Activity.
Restate word for word the lines from the one bearing "BKBE – Black" through the end of the entries below, and leave every picture out.

Data section.
-*-

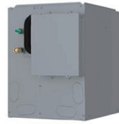
Cased Coil UNIX R32
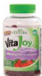
Melatonin Gummy † Item No. 1971
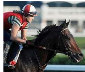
Street Sense
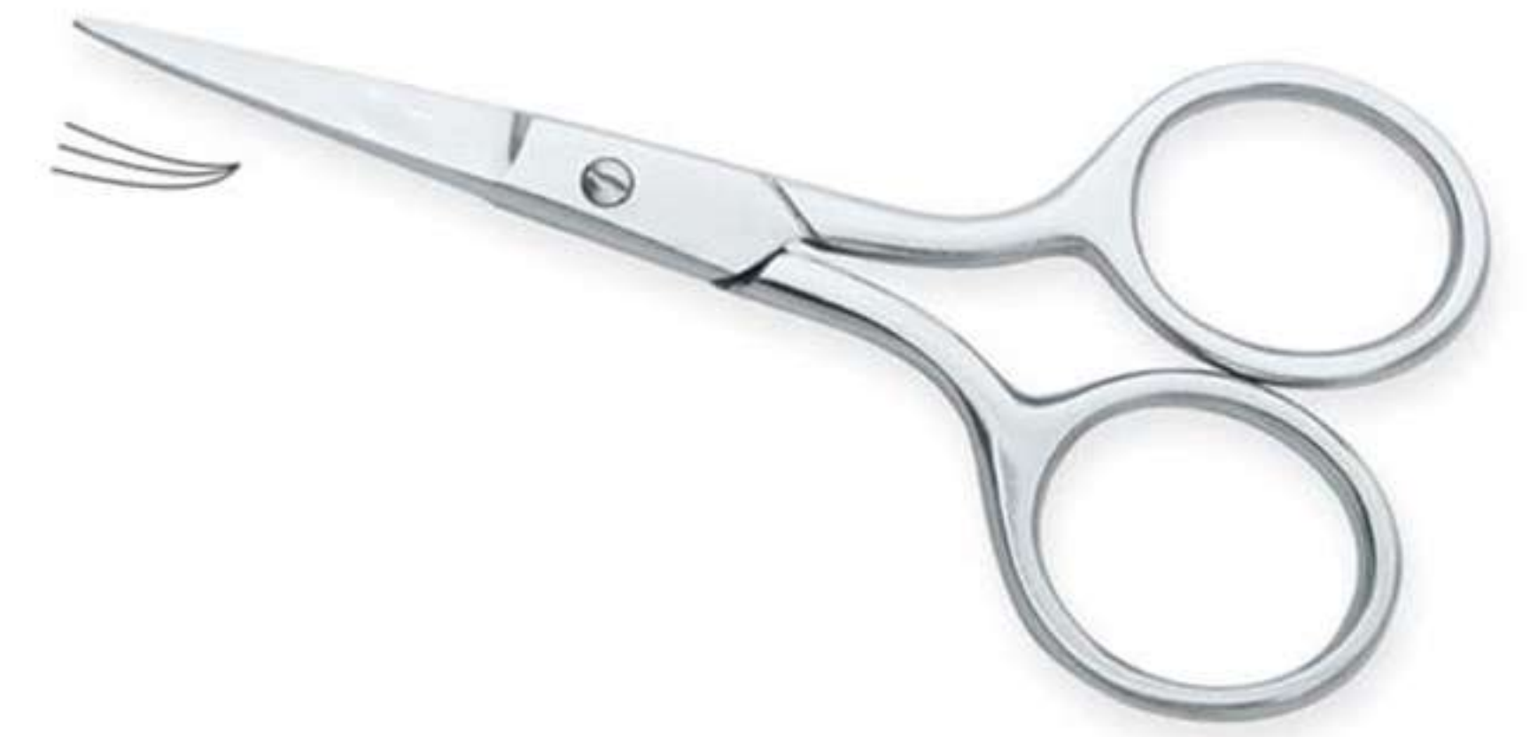
Art no: AS-3-1603

Classic model of Embroidery Scissors has passed the test of time and still is one of the best selling model for the range of Embroidery Scissors. This Classic model is made from Special Steel alloy which allows excellent smoothness and long lasting sharpness.
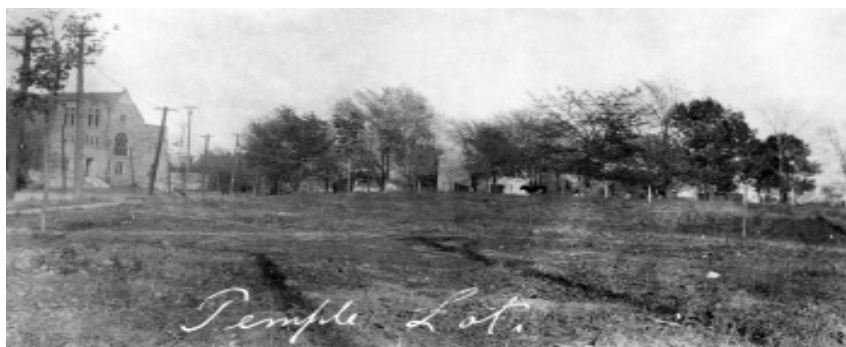
Photograph 8. View of the temple lot to the east, ca. 1904.

This view of the temple lot is to the east. Lexington Street and the RLDS Stone Church can be easily seen in the left of the photo. The west side of the Church of Christ (Temple Lot) can be seen through the trees, along with cattle grazing in the fenced portion of the property. The west end of the property shown in the foreground indicates that this portion of the temple property had not been maintained as well as the fenced portion of the site.
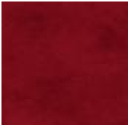
9 x 10.5 Red-2 (R2)
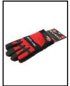
Mechanic Gloves (L)
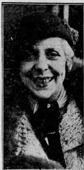
Vicki Baum, German playwright, is shown as she arrived in New York for a stay during which, she said, she intends to become an American citizen.
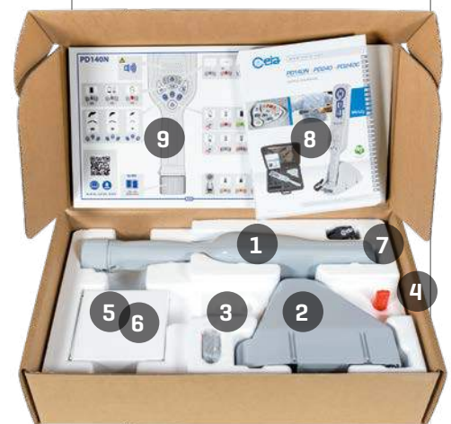
PD140N [# PD140N-SET]
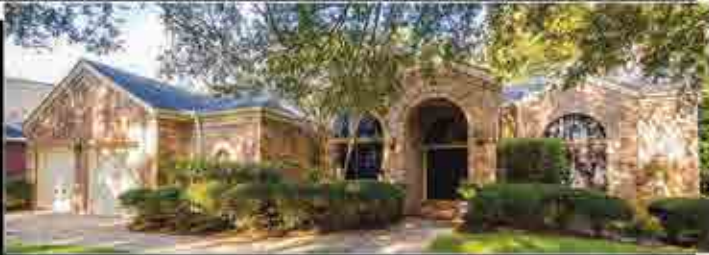
WESTON LAKES Beautifully Updated 1-Story on Waterfront Lot in Patio Home Section ~ $295,000
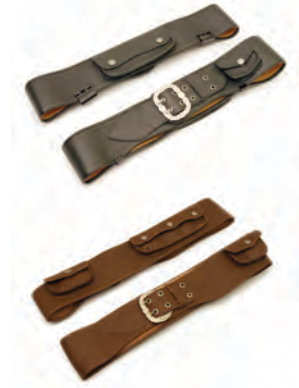
BKBE – Black Leather Belt BRBE – Brown Leather Belt
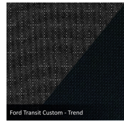
LEADER / TREND
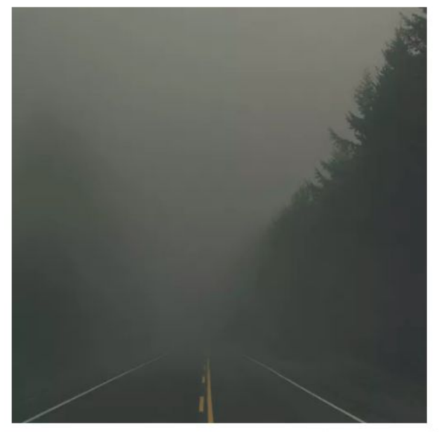
Mackenzie Duncan Barely Holding On Limited Edition of 10 Photograh ($2410)

A haunting photograph of a two-lane road surrounded by forest trees engulfed in fog, this work is dark, yet beautiful. Surely, it reminds BLL fans of all the times the series shows characters driving along stretches of highway while captivating music plays in the background.
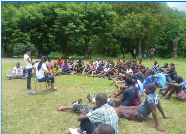
JOCV members participating in JCF Community Safety and Security Summer Camp 2011

-*-

Reply to the exercise.
BKBE – Black Leather Belt BRBE – Brown Leather Belt
LEADER / TREND
Mackenzie Duncan Barely Holding On Limited Edition of 10 Photograh ($2410)

A haunting photograph of a two-lane road surrounded by forest trees engulfed in fog, this work is dark, yet beautiful. Surely, it reminds BLL fans of all the times the series shows characters driving along stretches of highway while captivating music plays in the background.
JOCV members participating in JCF Community Safety and Security Summer Camp 2011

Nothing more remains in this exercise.